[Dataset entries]
━━━

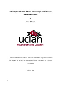 Mukadam, Almas (2020) An Investigation of the Effects of Trauma, Attachment Styles, and Resilience, on Intimate Partner Violence. Masters thesis, University of Central Lancashire.
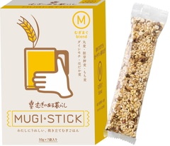 MUGISTICKは、厳選した麦を100%使用したオリジナルのむぎスティック。白米と比べて糖質が約39%オフで、食物繊維も補えるという。「むぎまぐブレンド」「ぷちぷちブレンド」「はとむぎブレンド」の3種を用意。
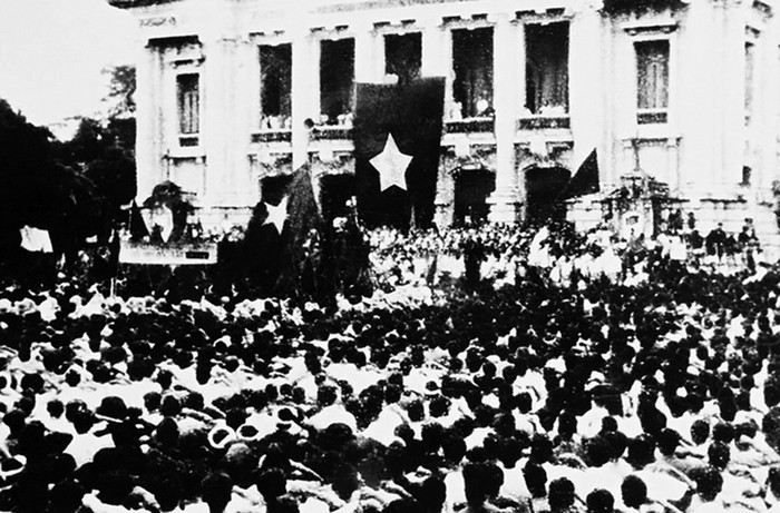 Lá cờ đỏ sao vàng tung bay trong cuộc mít-tinh diễn ra tại quảng trường Nhà hát Lớn (Hà Nội), ngày 19/8/1945 - Ảnh tư liệu
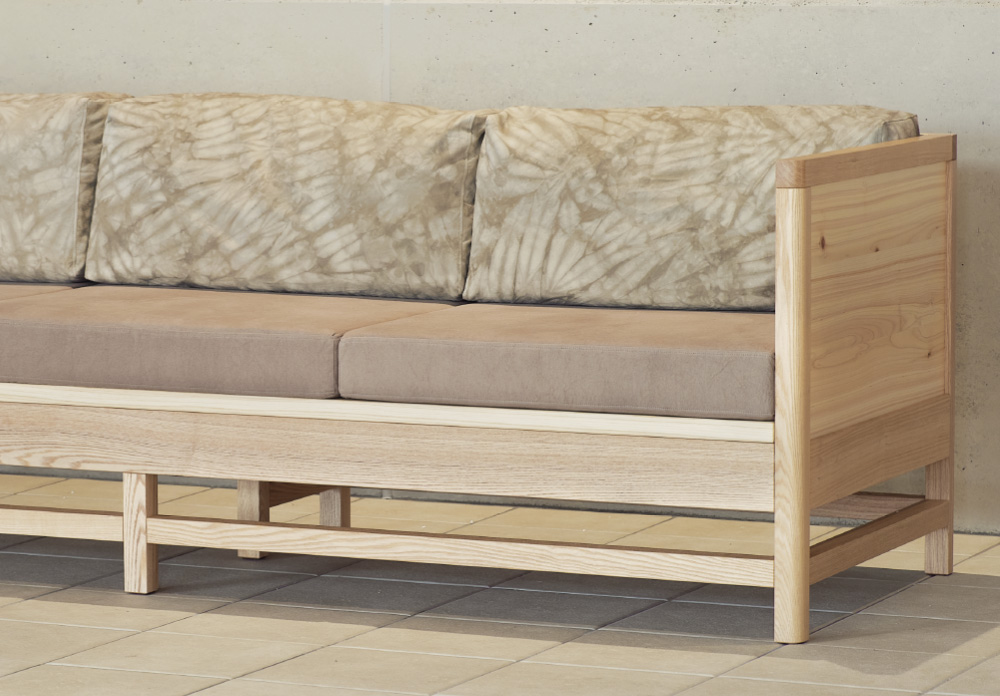 土井木工では、ヒノキの葉や端材を活用した草木染めの染料を立花テキスタイル研究所(広島県尾道市)と共同開発しています。樹のもつ自然で落ち着いた色味が特長です。染色した帆布を使用してクッションなどの生活に寄り添う製品を作り、お客さまのもとへお届けしています。
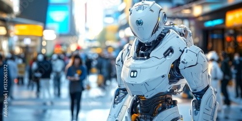A futuristic robot stands in a bustling city. The design is sleek and modern, making it an eye-catching focal point. This image captures technology in urban life. AI
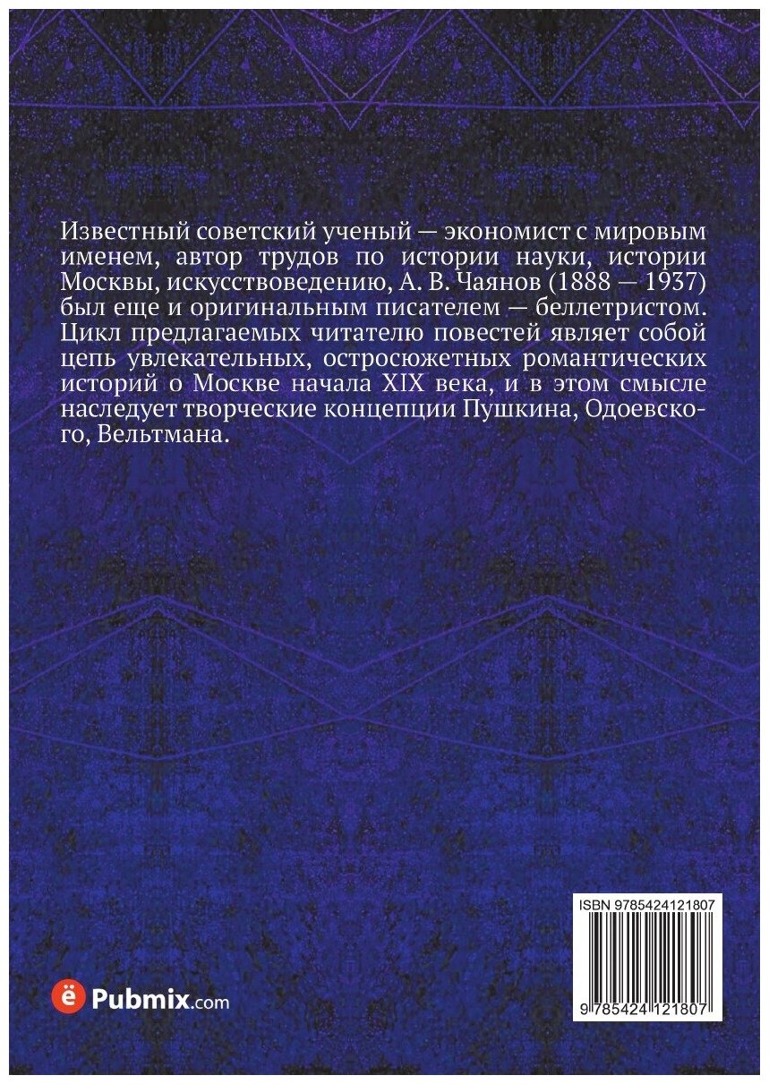 Известный советский ученый - экономист с мировым именем, автор трудов по истории науки, истории Москвы, искусствоведению, А. В. Чаянов (1888 - 1937) был еще и оригинальным писателем - беллетристом. Цикл предлагаемых читателю повестей являет собой цепь увлекательных, остросюжетных романтических историй о Москве начала XIX века, и в этом смысле наследует творческие концепции Пушкина, Одоевского, Вельтмана.
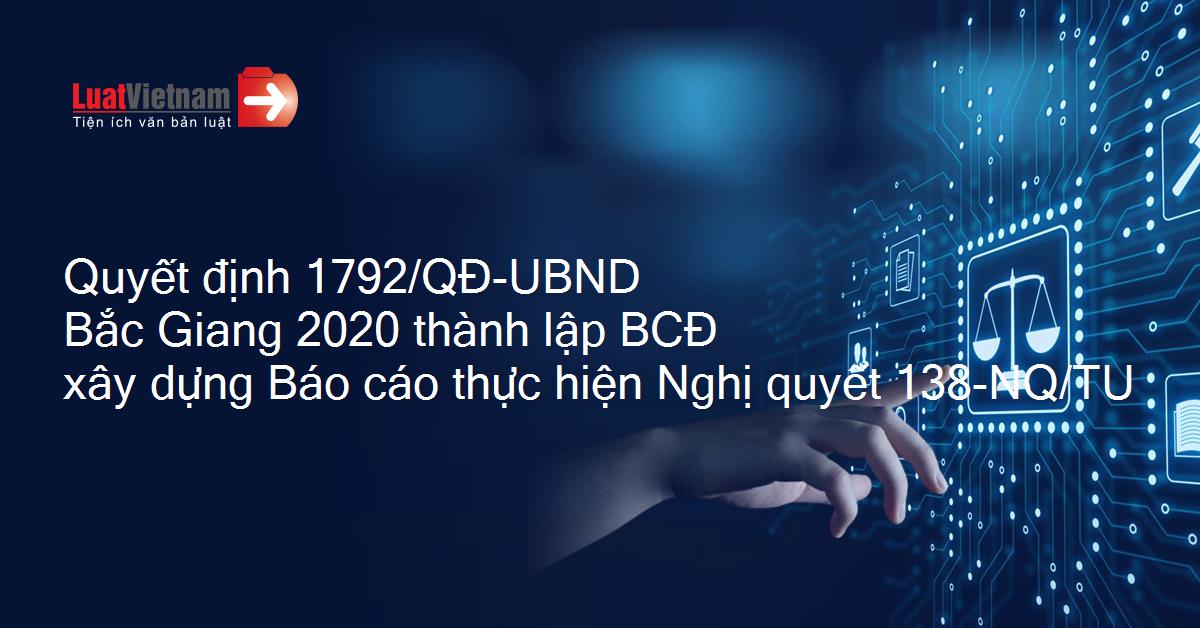 Quyết định 1792/QĐ-UBND Bắc Giang 2020 thành lập BCĐ xây dựng Báo cáo thực hiện Nghị quyết 138-NQ/TU
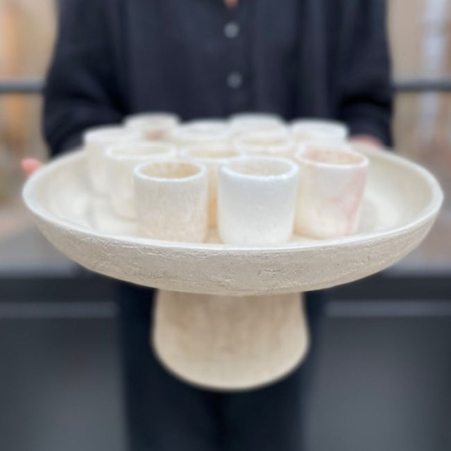 De vaas ‘Bonheur’ brengt letterlijk en figuurlijk een stukje geluk in huis. ‘Bonheur’ ligt dankzij z’n elgante en vrouwelijke vorm duidelijk in dezelfde lijn als de lamp ‘Bonjour’. Zijn structuur en warm kleurenpalet maakt hem het ideale decoratiestuk voor een dromerig boeket.
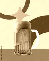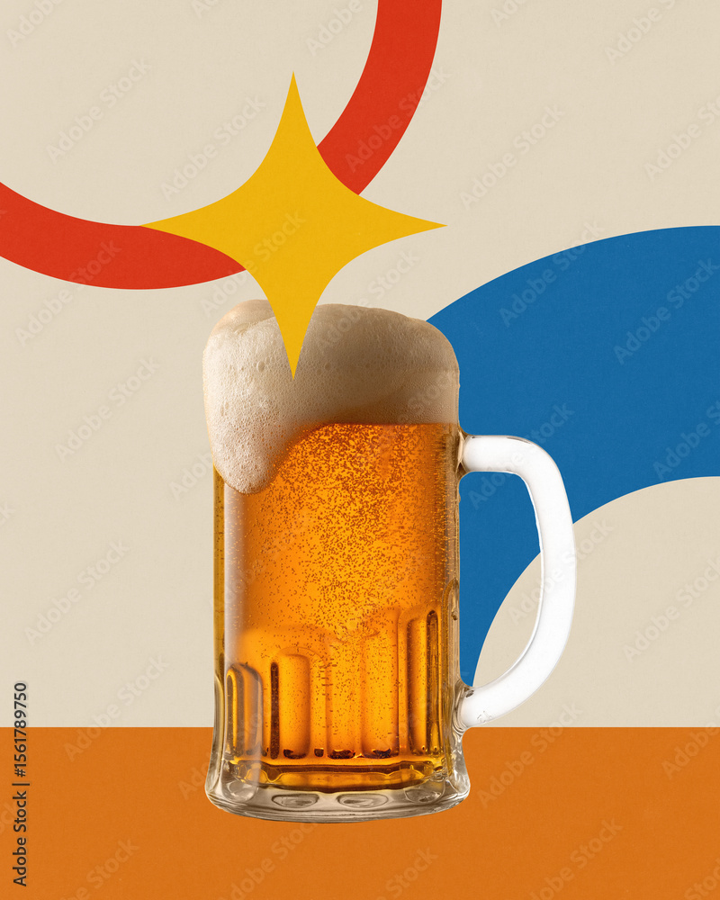 Poster. Contemporary art collage. Green beer bottle with flowing foam, framed by layered abstract patterns in modern colors. Bauhaus graphic elements. Concept of alcohol, party, Friday mood, brewery.
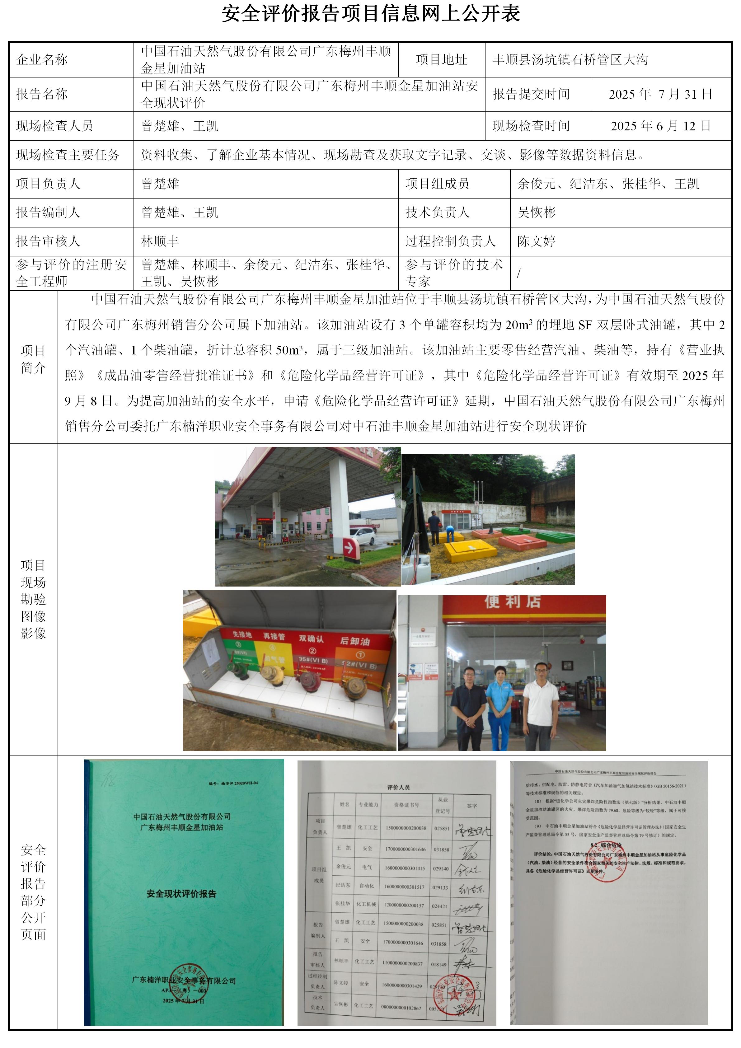 中国石油天然气股份有限公司广东梅州丰顺金星加油站安全现状评价
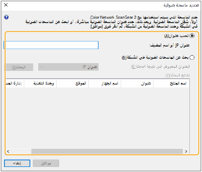 انقر فوق [تحديد عنوان] وأدخل عنوان IP أو اسم المضيف للجهاز في مربع النص [عنوان IP أو اسم المضيف].
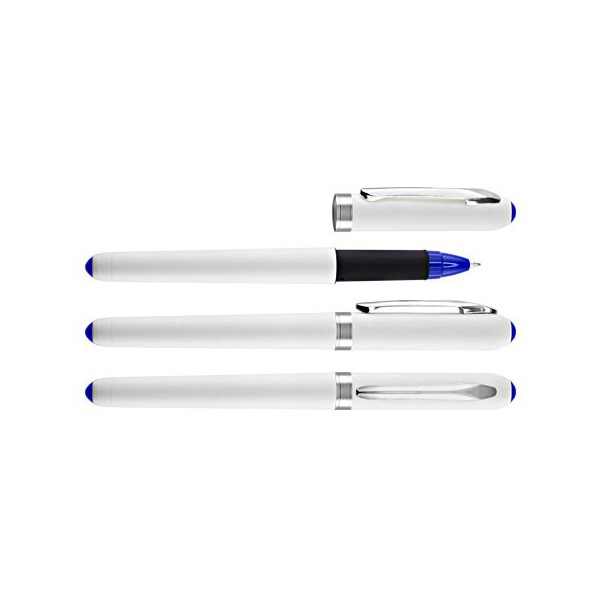 Lápiz tipo Roller plástico blanco, con terminales plateados.
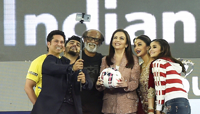 Many Bollywood stars were present at the opening ceremony of Indian Super League 2015 in Chennai on Saturday. The ‘Gunday’ actor Arjun Kapoor hosted ISL opener and had a gala time “hanging out” with legendary names like southern superstar Rajinikanth, cricket legend Sachin Tendulkar, Aishwarya Rai Bachchan, Amitabh Bachchan, Alia Bhatt and many more. Aishwarya Rai performed on songs from various hit films — including Crazy Kiya Re from Dhoom 2, Dola Re from Devdas and a song from Robot. While Alia Bhatt performed ISL’s theme song — Let’s Football and to some of her famous hits including Radha and Disco Deewane. Have a look at these candid moments of Bollywood celebrities at opening ceremony of ISL 2015.
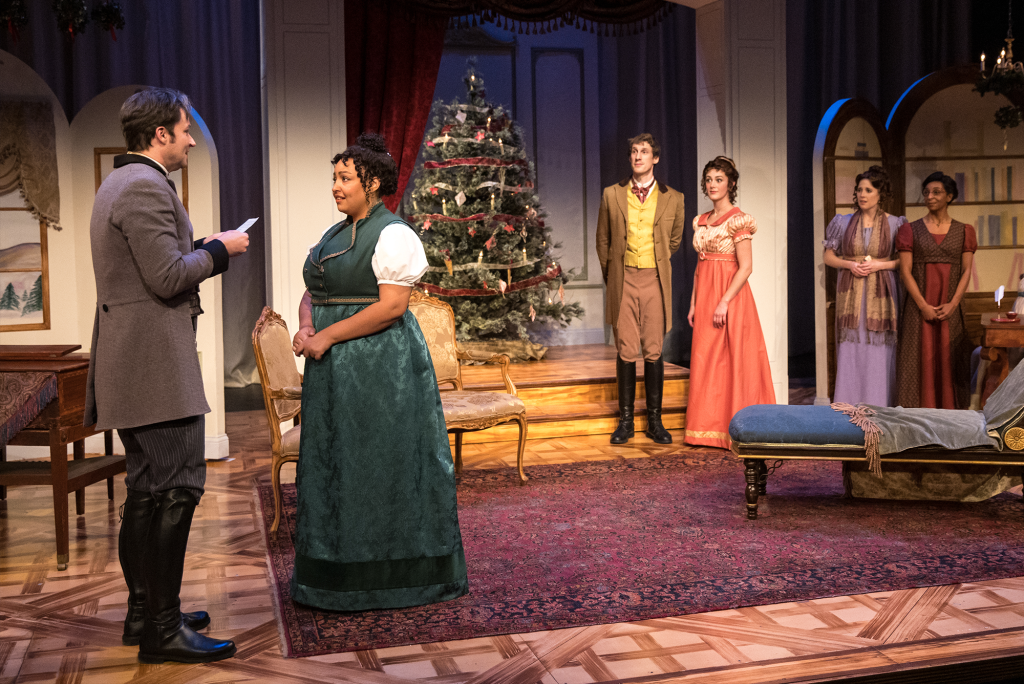 Lauren Gunderson and Margot Melcon once again capture the spirit of Jane Austen’s inspiring source material and create a play that feels like an organic progression for all of the characters. This story focuses on Georgiana Darcy, Mr. Darcy’s younger sister, and Kitty Bennet, Lizzy Darcy’s youngest sister. It’s their turn to find and possibly lose love. The two girls have become the best of friends and spend much of their time together. For Georgiana, love comes in the person of Henry Grey whom she has only met once after a Piano recital but has been corresponding with via letters for almost a year, has invited him to visit on Christmas. They both have fallen in love with each other through their letters and a shared passion for music. When they finally meet again at Pemberley, they are both so shy it will require their friends and family to get them to come out and tell each other how they feel. Accompanying Henry is his friend Thomas O’Brien who is instantly smitten with Kitty. So now we have the two pairs of lovers and in true Austen form, there will be letters that reveal secrets, arranged engagements, and meddlesome siblings. Not the least of which is Mr. Darcy who by the end of Act I will have seemingly torpedoed the match between Henry and Georgiana. Act II takes place about six years later, I mention this because the playbill doesn’t, and it should.

━━━

— Aim of the exercise —
The expected output is the lines above from the one containing "MUGISTICKは、厳選し" to the one containing "A futuristic robot", both ends included, reproduced exactly with every picture left out.

— Solution to this exercise —
 MUGISTICKは、厳選した麦を100%使用したオリジナルのむぎスティック。白米と比べて糖質が約39%オフで、食物繊維も補えるという。「むぎまぐブレンド」「ぷちぷちブレンド」「はとむぎブレンド」の3種を用意。
 Lá cờ đỏ sao vàng tung bay trong cuộc mít-tinh diễn ra tại quảng trường Nhà hát Lớn (Hà Nội), ngày 19/8/1945 - Ảnh tư liệu
 土井木工では、ヒノキの葉や端材を活用した草木染めの染料を立花テキスタイル研究所(広島県尾道市)と共同開発しています。樹のもつ自然で落ち着いた色味が特長です。染色した帆布を使用してクッションなどの生活に寄り添う製品を作り、お客さまのもとへお届けしています。
A futuristic robot stands in a bustling city. The design is sleek and modern, making it an eye-catching focal point. This image captures technology in urban life. AI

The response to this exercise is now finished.